Posted by tinselkitty on December 4, 2010

My Mansion’s Bigger Than Your Mansion

Could I be tardier to the party? I am still suffering from a massive mansion hangover and am just now piecing together the parts of last night’s show.

Back in the day, I had a wealthy client that was very irritated with me because he did not get a package of documents I had promised to send. I knew I had mailed his items out the same day that he had requested them. He was so mad at me and I was so mad that he was accusing me of not doing my job. I had sent the package with a signature request so I knew the envelope had arrived at his home. He called me the next week to apologize and tell me he had, indeed, received everything. His housekeeper had put it in a room that wasn’t used. I believe what he actually said was that it was behind a door he’d never opened. I can very clearly remember hanging up the phone and mentally walking through my house. There is not a single place in my home that isn’t used. I have since wondered what it would be like to have a house so large that there were doors in it that I’d never opened. Given my very nosy nature, I assumed this would never happen because I will always open a door if I don’t know what’s behind it, especially if it was my own house.

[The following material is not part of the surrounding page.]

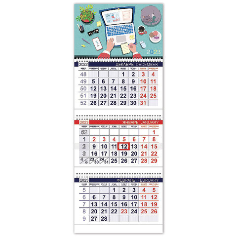 Календарь квартальный с бегунком 2023 г., 3 блока, 3 гребня, ОФИС, 'Мой офис', HATBER, 3Кв3гр3_27847

Last night I got a taste of that life. Holy mother of Flying Spaghetti Monster, I thought Lisa Vanderpump’s house was the pinnacle of awesomesauce. When she said her friend’s house made hers look like a shack, I chuckled and thought to myself “oh, Lisa Vanderpump, how frikken frakken cute are you?” Then my jaw dropped and I woke up three hours later in front of the open refrigerator, cream cheese smashed all over my face and hugging an empty bottle of Malibu rum.

Nope, not it.

As I looked around and assessed my current mental state, I realized that I could not continue this episode without additional fortification. I crawled to the pantry to retrieve a bottle of vanilla vodka and then returned to my favorite spot on the couch, determined to fulfill my journalistic duties and watch the rest of the show.

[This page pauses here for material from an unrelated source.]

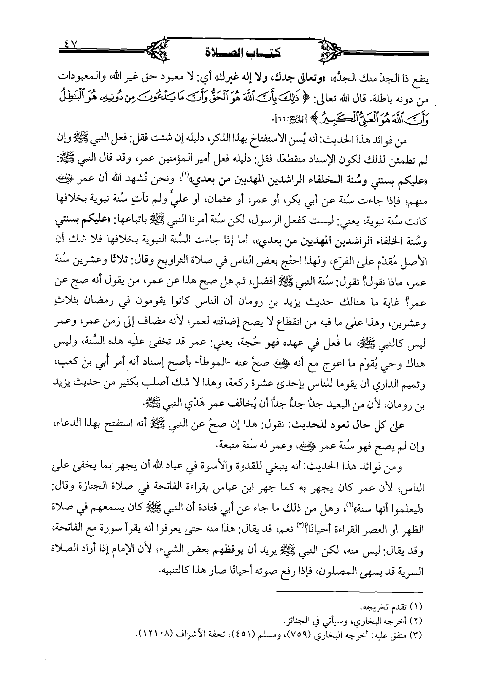ومن فوائد هذا الحديث: أنه ينبغي للقدوة والأسوة في عباد الله أن يجهر بما يخفى على الناس؛ لأن عمر كان يجهر به كما جهر ابن عباس بقراءة الفاتحة في صلاة الجنازة وقال: "ليعلموا أنها سنة"، وهل من ذلك ما جاء عن أبي قتادة أن النبي- صلى الله عليه وسلم- كان يسمعهم في صلاة الظهر أو العصر القراءة أحيانًا؟ نعم، قد يقال: هذا منه حتى يعرفوا أنه يقرأ سورة مع الفاتحة، وقد يقال: ليس منه، لكن النبي- صلى الله عليه وسلم- يريد أن يوقظهم بعض الشيء؛ لأن الإمام إذا أراد الصلاة السرية قد يسهى المصلون، فإذا رفع صوته أحيانًا صار هذا كالتنبيه.
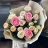 Этот потрясающий букет эмоций и нежности притягивает взгляд своей богатой палитрой чарующих оттенков и тонким ароматом. Кустовые розы, с изящно раскрывающимися пышными цветами, придают композиции игривость и легкость, а одноголовые розы добавляют изящества и элегантности. Каждый цветок является уникальным произведением искусства природы. Упаковка, украшенная изысканными деталями, подчеркивает драгоценность этого букета. Это настоящее проявление любви и заботы, идеальный подарок для особого случая или просто, чтобы подарить радость и улыбку.

Rewinding back to the beginning allows me to check out this new-fangled electric contraption that Kim and Kyle voluntarily strap onto their faces. After centering my chi, I released the Google-fu to find out what the hell this was that I was seeing. I learned of a somewhat legitimate sounding microcurrent facial and thought this must be it. But then I saw the photos. This was obviously not what Kim and Kyle had done so back to the keyboard I flew.

How do you scream?

After several search term revisions I stumbled upon this. The Rejuvenique Electric Facial Mask. If the picture doesn’t scare you enough you can hit up Infomercial Hell to learn more about this exciting new technology and see the infomercial in all its glory. You can buy one of these suckers on Amazon for the low, low price of $39.99 (don’t forget to pick up a 9-volt battery) and then you can just see yourself right the hell off my blog and find another place to hang out online. I have enough nightmares already without dreaming about random posters coming after me while simultaneously erasing years off their face.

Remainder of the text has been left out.